### Try it
Would you please retype, exactly, the lines of the listing below between the line with "Die Wohnung ist" and the line with "nightmare semi-huge french", inclusive?

### Extracted entries
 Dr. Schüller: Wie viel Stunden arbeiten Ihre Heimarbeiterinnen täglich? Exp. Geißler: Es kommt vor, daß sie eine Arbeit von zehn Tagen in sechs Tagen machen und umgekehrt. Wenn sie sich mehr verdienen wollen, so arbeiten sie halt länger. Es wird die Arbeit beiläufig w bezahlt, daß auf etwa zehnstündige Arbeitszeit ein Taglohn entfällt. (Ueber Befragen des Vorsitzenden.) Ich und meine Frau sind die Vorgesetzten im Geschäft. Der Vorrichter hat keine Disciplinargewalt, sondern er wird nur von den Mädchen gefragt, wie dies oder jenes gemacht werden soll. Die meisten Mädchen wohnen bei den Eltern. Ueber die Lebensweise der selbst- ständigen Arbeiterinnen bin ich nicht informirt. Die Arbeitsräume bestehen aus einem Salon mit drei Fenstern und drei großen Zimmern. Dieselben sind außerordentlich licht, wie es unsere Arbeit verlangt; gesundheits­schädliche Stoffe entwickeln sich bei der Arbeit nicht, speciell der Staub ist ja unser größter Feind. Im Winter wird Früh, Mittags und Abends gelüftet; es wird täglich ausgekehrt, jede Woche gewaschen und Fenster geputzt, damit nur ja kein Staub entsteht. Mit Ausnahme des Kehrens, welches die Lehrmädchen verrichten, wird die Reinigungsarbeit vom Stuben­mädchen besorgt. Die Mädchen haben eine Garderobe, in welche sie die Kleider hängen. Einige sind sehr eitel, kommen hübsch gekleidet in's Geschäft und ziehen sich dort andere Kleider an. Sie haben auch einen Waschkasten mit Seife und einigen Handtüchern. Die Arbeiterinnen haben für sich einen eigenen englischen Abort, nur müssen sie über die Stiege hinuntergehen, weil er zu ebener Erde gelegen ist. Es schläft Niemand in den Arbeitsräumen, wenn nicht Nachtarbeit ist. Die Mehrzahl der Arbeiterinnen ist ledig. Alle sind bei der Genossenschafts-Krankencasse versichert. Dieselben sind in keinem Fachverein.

---

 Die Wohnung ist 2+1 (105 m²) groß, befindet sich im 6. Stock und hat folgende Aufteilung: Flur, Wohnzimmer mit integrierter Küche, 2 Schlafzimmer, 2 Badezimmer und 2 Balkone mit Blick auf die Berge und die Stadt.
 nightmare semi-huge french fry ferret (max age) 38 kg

### Answer to this task
 Die Wohnung ist 2+1 (105 m²) groß, befindet sich im 6. Stock und hat folgende Aufteilung: Flur, Wohnzimmer mit integrierter Küche, 2 Schlafzimmer, 2 Badezimmer und 2 Balkone mit Blick auf die Berge und die Stadt.
 nightmare semi-huge french fry ferret (max age) 38 kg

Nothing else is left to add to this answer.